Warren G. Harding High School, located in Warren, Ohio, has had some great players walk through its door. From one of the greatest freshman running backs in college football history in Maurice Clarett to Michigan star and Super Bowl hero Mario Manningham, the school in Northeast Ohio has produced some outstanding athletes over time.
Steven Arnold has coached football at Warren G. Harding for 28 years, including the past five as head coach. With that experience in mind, it’s hard not believe him when he says 2017 athlete/wide receiver prospect Lynn Bowden is the best he has ever seen play.
“I think people, when they think off Harding football, will put [Clarett] at No. 1 and [Manningham] at No. 2 but I think after this season, [Bowden] has surpassed them,” Arnold said. “My reason for saying that is that [Bowden] has the ball in his hands every down and he can hurt whether he is running or throwing.”
Bowden has certainly earned the high praise this season, too. He accounted for over 3,400 all-purpose yards and scored 58 total touchdowns in the Raiders’ 11-2 season, which led to the regional semifinals of the Ohio Division II Football Tournament. His exploits on the field have also earned him consideration for the highest honor in Ohio high school football – the Mr. Football Award.
Bowden’s performance at the helm of the Raiders’ football team has also led to attention from quite a few collegiate programs, like Michigan State and Kentucky. He currently holds 13 FBS offers, with Nebraska being the latest to make an offer. Wide receivers coach Keith Williams visited Bowden personally at his home in Ohio Sunday evening to make the offer, but has not reached out to Arnold yet.
“They offered [Bowden] Sunday night but I still have not spoken with any member of Nebraska’s coaching staff,” Arnold said. “I’m a bit disappointed that they haven’t reached out to talk to me about [Bowden] yet.”
Other programs have contacted Arnold – like Kentucky – which he has appreciated.
“All of the schools after him are staying in touch and doing their due diligence,” Arnold said. “Kentucky is doing a great job of communicating with me, as well as Michigan State and Indiana.”
Despite Bowden’s current offer list, it has surprised Arnold that neither Ohio State nor Michigan has offered the Warren G. Harding star, considering both programs typically dominate the state of Ohio in recruiting.
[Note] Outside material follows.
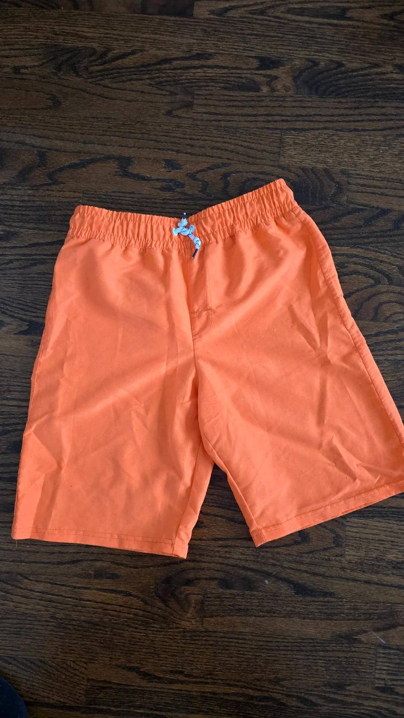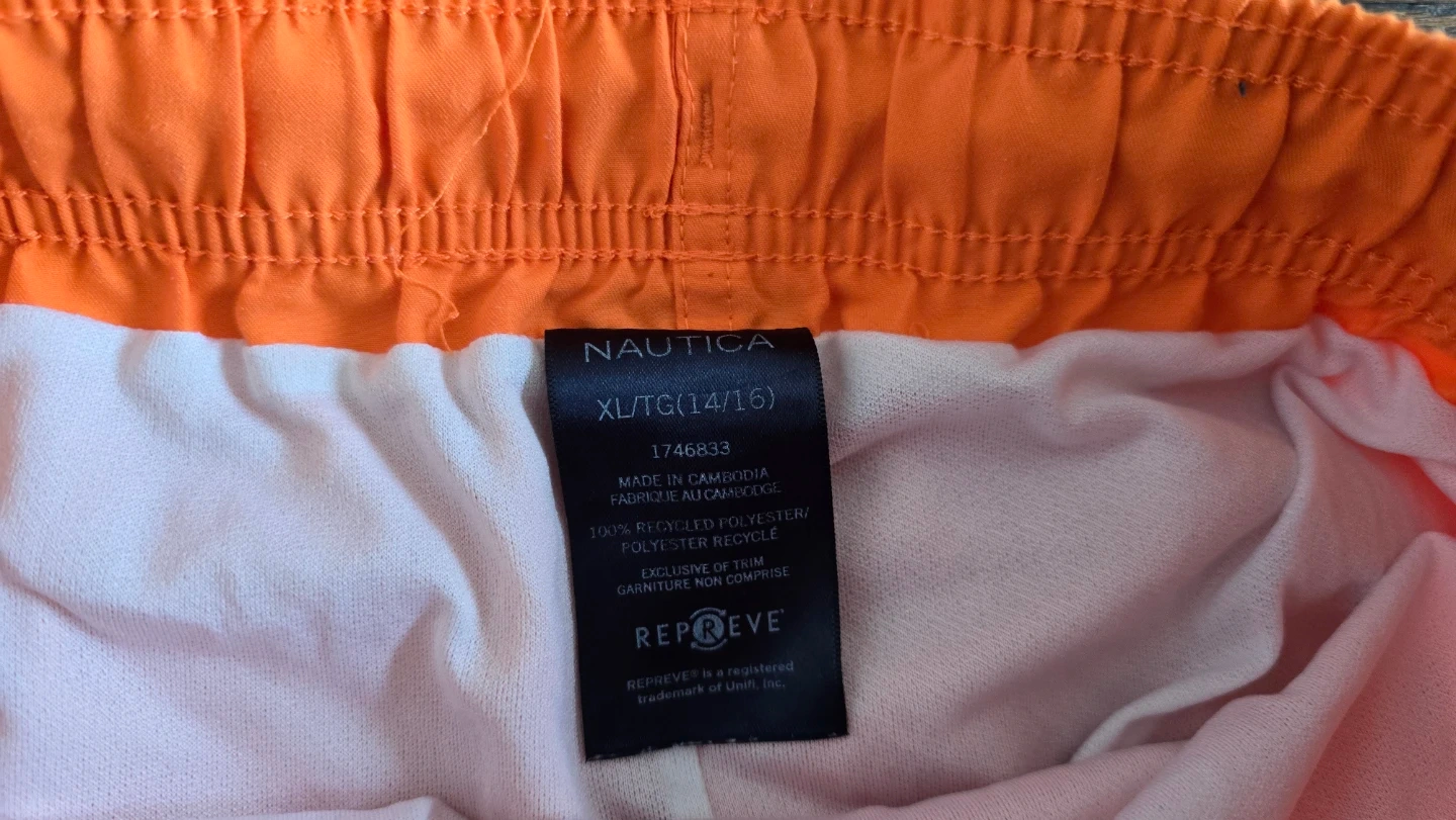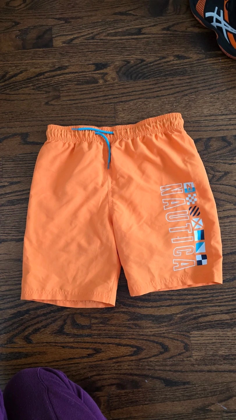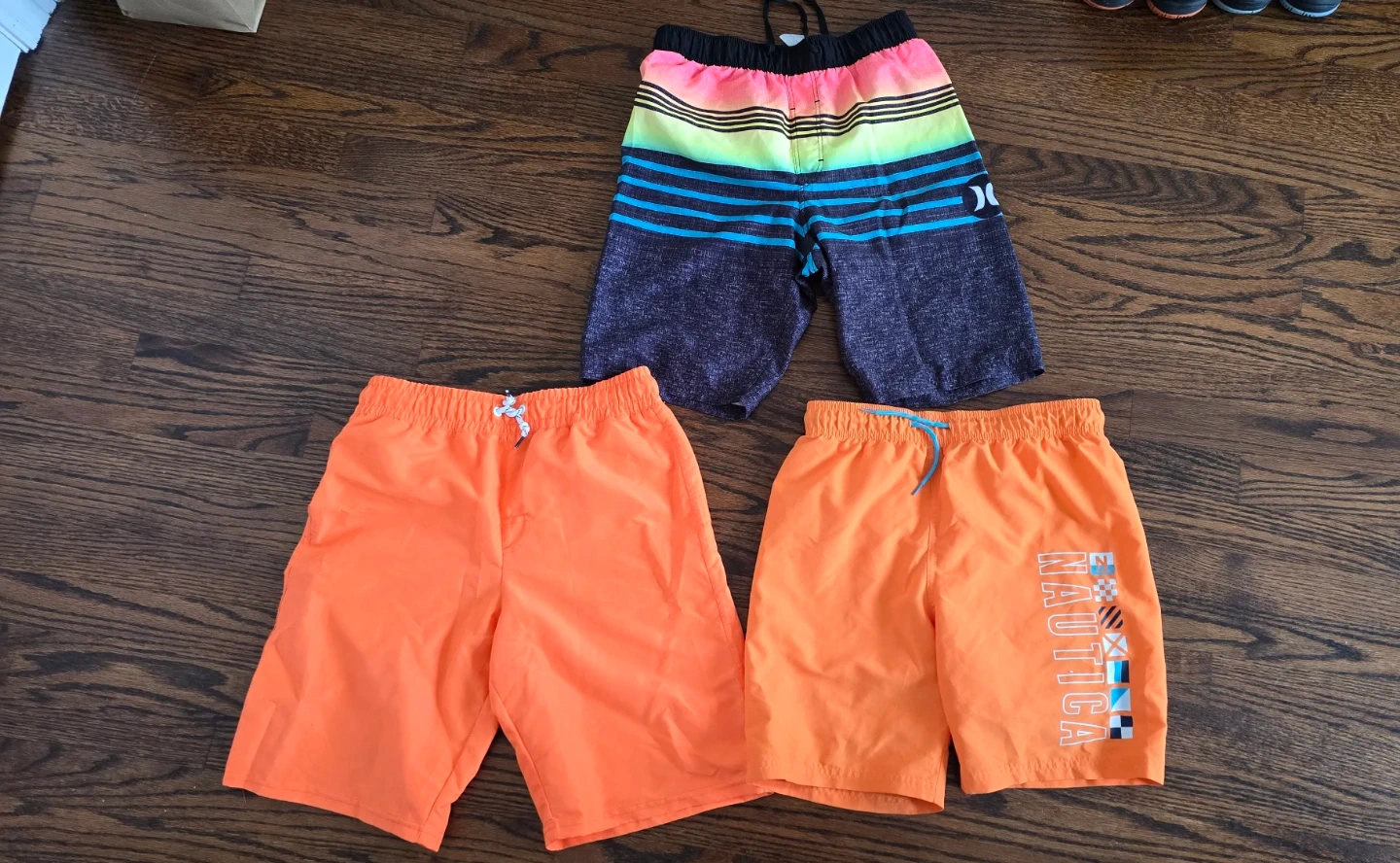 Bundle of three pairs of boys' swim trunks. Includes one pair of Hurley brand trunks with a colourful striped design and a black base. Also includes pair of Nautica brand orange trunk, one with a side graphic. Both brands are size 14/16. Great for summer fun!

One reason the Buckeyes may be holding off? Class size, Arnold said.
“Ohio State has been in contact and Lynn is definitely on their radar,” Arnold said. “I spoke with Coach [Tim] Beck a while ago and he told me that they liked Bowden but didn’t currently have any scholarships available for him right now.”
The downside to the lack of offers and communication from Ohio State and Michigan are the rumors that have surfaced as a result. Many questioned whether or not Bowden had poor character or was surrounding himself with the wrong people, both of which Arnold quickly denied.
“I don’t know how that rumor got started about him,” Arnold said. “I don’t know if it’s just because he has a lot of tattoos or what the deal is but he has never had any problems with the law, he gets along with his teammates, he gets along with his teachers. That’s why whenever teams ask me about Lynn’s character, I tell them to go talk to his teachers. He is not a character risk whatsoever.”
Whichever school does snag Bowden though will have to consider what position will best quit him. According to Arnold, quite a few are looking for ways to utilize his explosive skill set.
“[Bowden] is being looked at mostly as a wide receiver and kick returner,” Arnold said. “We timed him last spring as a 4.38 40-yard dash. He’s got long arms and is explosive, so he has all the tools to be a great wide receiver.”
Arnold also stated that besides great talent, Bowden also possesses the intangibles that separate great players from the rest of the pack.
“Besides his god given abilities, Bowden has all sorts of qualities that make him unique,” Arnold said. “[Bowden] is a fierce competitor who hates to lose at anything and his football IQ is off the charts.”
As for his favorite memory of coaching Bowden, Arnold had just the moment in mind.
“We had a 4th and 10 or something and we needed to get a first down, so we called timeout and were trying to figure out what play we should call,” Arnold said. “[Bowden] just looks me in the eye and says, ‘Coach, give me the ball.’ So we called a play for him and he took it 25 yards. He just has this incredible confidence, not cockiness but confidence, in his ability to get things done.”
While some high school prospects need a year to get acclimated to the increased speed of the college game, Arnold believes Bowden will be ready to go from day one.
“[Bowden] is ready right now,” Arnold said. “I’ve coached guys that have contributed in the Big Ten as freshmen and sophomores and Lynn is as good or better than they were.”
Bowden played all over for Harding his senior season. He lined up at quarterback, returned kicks and also handled punting duties. His versatility is what impressed Arnold most.
“After watching him for the past two years, [Bowden] really reminds me of Michigan’s Jabrill Peppers,” Arnold said. “[Bowden] is that kind of athlete that can play anywhere.”